Personal information
- Date of birth: 14 October 1946 (age 79)
- Place of birth: Zaanstad, Netherlands
- Position: Defender

Senior career*
- Years: Team / Apps / (Gls)
- 1965–1970: ZFC
- 1970–1972: AZ
- 1972–1976: FC Amsterdam
- 1976–1982: HFC Haarlem

= Abe van den Ban =

Dutch footballer (born 1946)

Abe van den Ban (born 14 October 1946) is a Dutch former footballer who last played as a defender for HFC Haarlem.

==Career==

He mainly operated as a defender and was described as "praised for his running ability". He started his career with Dutch side ZFC. In 1970, he signed for AZ. He made eleven league appearances and scored zero goals while playing for the club.

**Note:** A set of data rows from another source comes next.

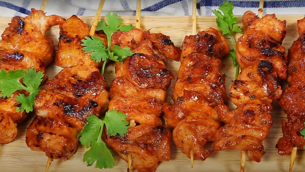 Thịt gà có thể chọn đùi hoặc ức tùy theo sở thích. Khi đã ướp đủ thời gian, xếp thịt gà lên que xiên cùng các loại rau củ như ớt chuông, hành tây hay bí đỏ. Nướng trên vỉ cách than khoảng 15–20cm, nhớ trở mặt thường xuyên và phết thêm mật ong để có màu vàng đẹp mắt.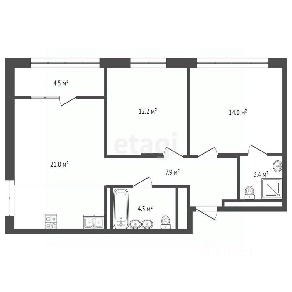 У квартиры просторная кухня-гостиная 21 кв.м, две комнаты, одна из которых с гардеробной.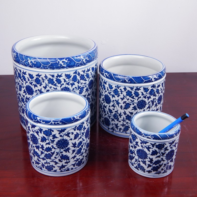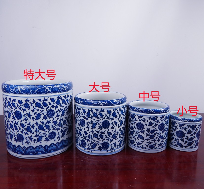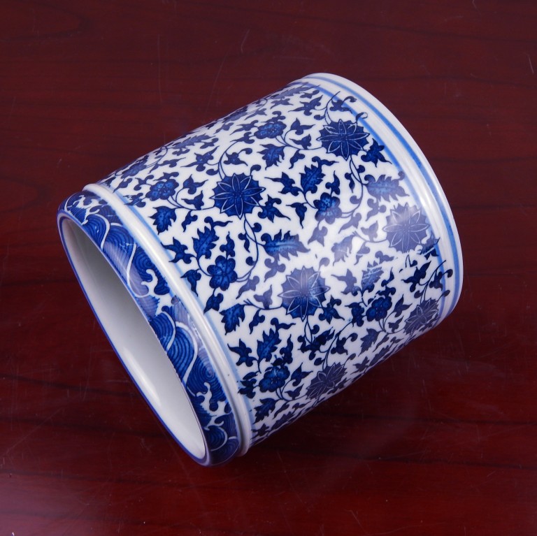 Полем Джингджэнь керамика Голубая и белая держатель пера замечательный лотос негабаритный держатель кисти четыре сокровища учебных комнат украшения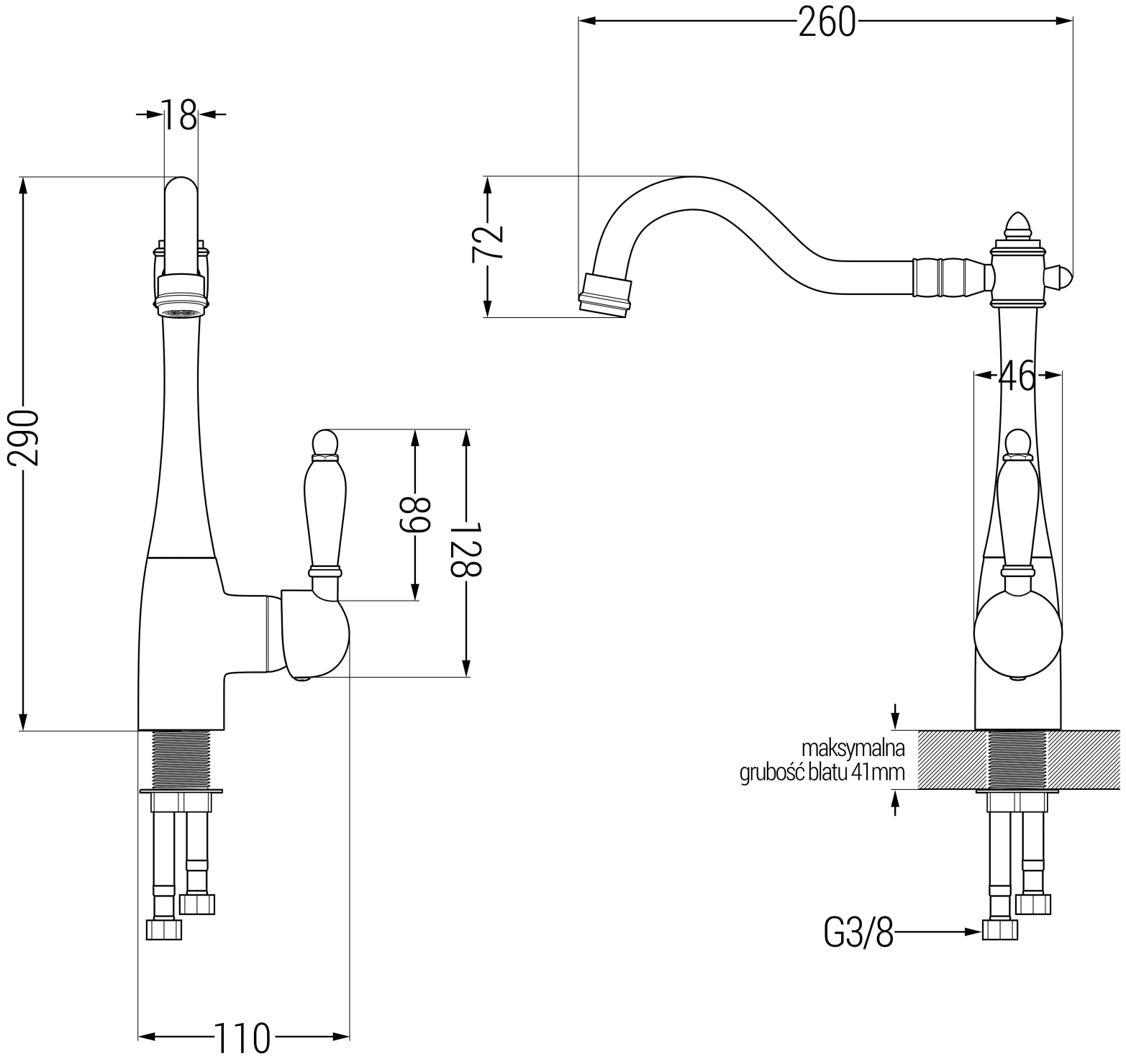 Kriauklė turi išfrezuotą angą, kurios skersmuo 35 mm, kad būtų galima savarankiškai išmušti. Ją galima panaudoti, pvz., montuojant skysto muilo dozatorių, kuris pašalins plastikinių butelių buvimą virtuvėje ir suteiks jai elegantišką apdailą.

He helped them achieve promotion. In 1972, he signed for FC Amsterdam. He made eighty-two league appearances and scored six goals while playing for the club. He helped them achieve fifth place in the league. He played in the UEFA Cup while playing for them.

In 1976, he signed for HFC Haarlem. He made 142 league appearances and scored two goals while playing for the club. He suffered relegation while playing for them. He then helped them achieve promotion. He was known for his mustache during his football career. After retiring from professional football, he worked as the owner of a hotel, cafe, restaurant, among other businesses.

==Personal life==

Van den Ban was born on 14 October 1946 in Zaanstad, Netherlands. He was born to a mother from Breukelen, the Netherlands and a father from Wateringen, the Netherlands. He played korfball as a child. He attended Noorderschool in the Netherlands. He is a native of North Holland, Netherlands. He has been married. He is the son of a milk inspector.